Currently, Graham LSD is one of the largest school districts in Ohio in terms of area covered. The district covers over 185 sqmi, which is nearly the size the Columbus, Ohio. Despite this, the number of students is relatively small, which is estimated to be about 2300 district-wide.

==History==
Before the Graham Local School District existed, there were six independent schools in the western Champaign county area: Concord, Christiansburg-Jackson, Rosewood, St. Paris, Terre Haute and Westville. Each school consisted of a one building school which housed all grades for their respected population.

In 1957, these 6 buildings were consolidated to form one district, Graham. Concord School became Graham East Elementary. Christiansburg-Jackson School and Rosewood School became Graham South Elementary and Graham North Elementary, respectively. The St. Paris School became Graham Junior High School, and Graham High School was built on U.S. Route 36, near Kite Road.

Its unclear what Westville and Terre Haute schools were used for initially after the merger.

In 2000, a new building, Graham Middle School, was constructed just east of St. Paris on 36. The old Graham Junior High School building was repurposed and used for the Board of Education, administrative offices, and Graham Digital Academy/A. B. Graham Academy. After the academy closed in 2014, the village of St. Paris obtained the building. They chose to demolish it in 2020.
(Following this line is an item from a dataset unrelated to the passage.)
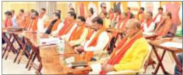
भाजपा एससी मोर्चा की बैठक में शामिल प्रतिनिधिगण।

भाजपा एससी मोर्चा के राष्ट्रीय महामंत्री सह झारखंड के प्रभारी भोला सिंह ने आगामी विधानसभा चुनाव को लेकर कार्य योजना झारखंड के सभी अनुसूचित जाति छात्रवास में जाकर छात्रों से मुलाकात कर उनकी सूची बनाने, प्रदेश के सभी सामान्य छात्रवास में भी एससी छात्रवास में जाकर सभी विधानसभा क्षेत्र के छात्रों से जुड़कर उनकी समस्याओं से रूबरू होना और पार्टी के नीति सिद्धांत के बारे में उन्हें जानकारी देते हुए भाजपा के साथ जोड़ने का निर्देश दिया गया है। इसके साथ ही प्रदेश के सभी बस्ती में जाकर अनुसूचित जाति के लोगों से उनकी बात सुनकर व उनकी समस्याओं से रूबरू होने का निर्देश दिया गया है। सिंह रविवार को भाजपा एससी मोर्चा की बैठक में बोल रहे थे। उन्होंने कहा कि सभी पदाधिकारियों को हर घर तिरंगा कार्यक्रम करने, मां के नाम से पेड़ लगाना, प्रदेश के सभी छात्रवास व कॉलेज में जाकर वृक्षारोपण करना,

In 2007, yet another building, Graham Elementary, was built right next to the Middle School. Graham Elementary replaced the venerable elementary schools of Graham North, Graham East and Graham South. Both North and South buildings have been demolished after nearly 100 years of service. Currently, the Concord school (Graham East) building is used as a community center.
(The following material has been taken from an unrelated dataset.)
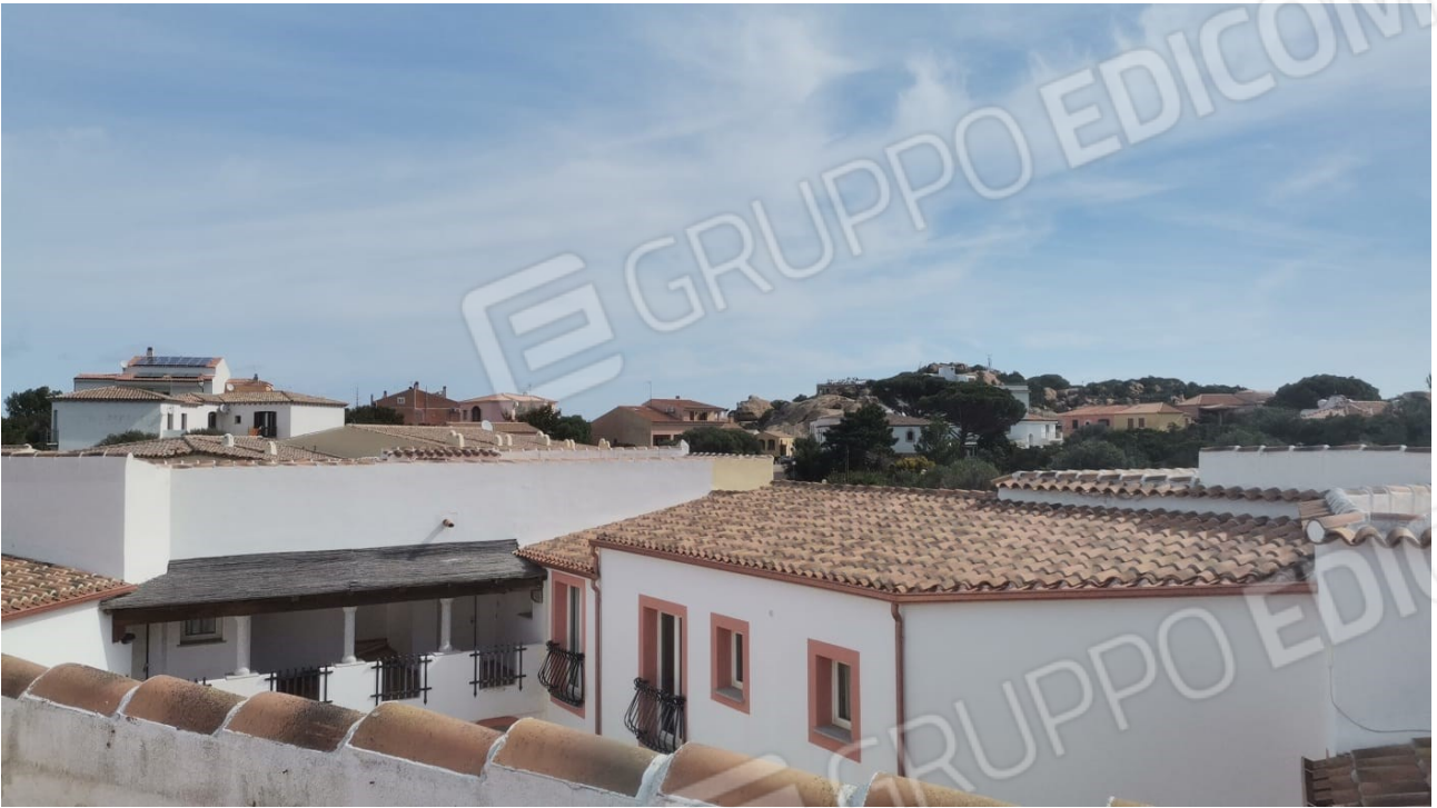
FIGURE 26: VISTA SULLA CORTE INTERNA E SUL BORGO

In 2009, Graham High School underwent a $13 million renovation, including a new kitchen area, air conditioning, and a new gymnasium.

==Current facilities==
- Graham High School
- Graham Middle School
- Graham Elementary School

==The Graham Community Foundation==
In 2000, several graduates representing Graham's six founding schools created The Graham Community Foundation, which is designed to raise funds for scholarships and grants for Graham students. To date, the Foundation has raised $75,000 for this purpose. The funds are administrated by the Troy Foundation in Troy Ohio. Only the interest earned is used for the awards. Since starting the Foundation, fourteen scholarships and grants have been awarded.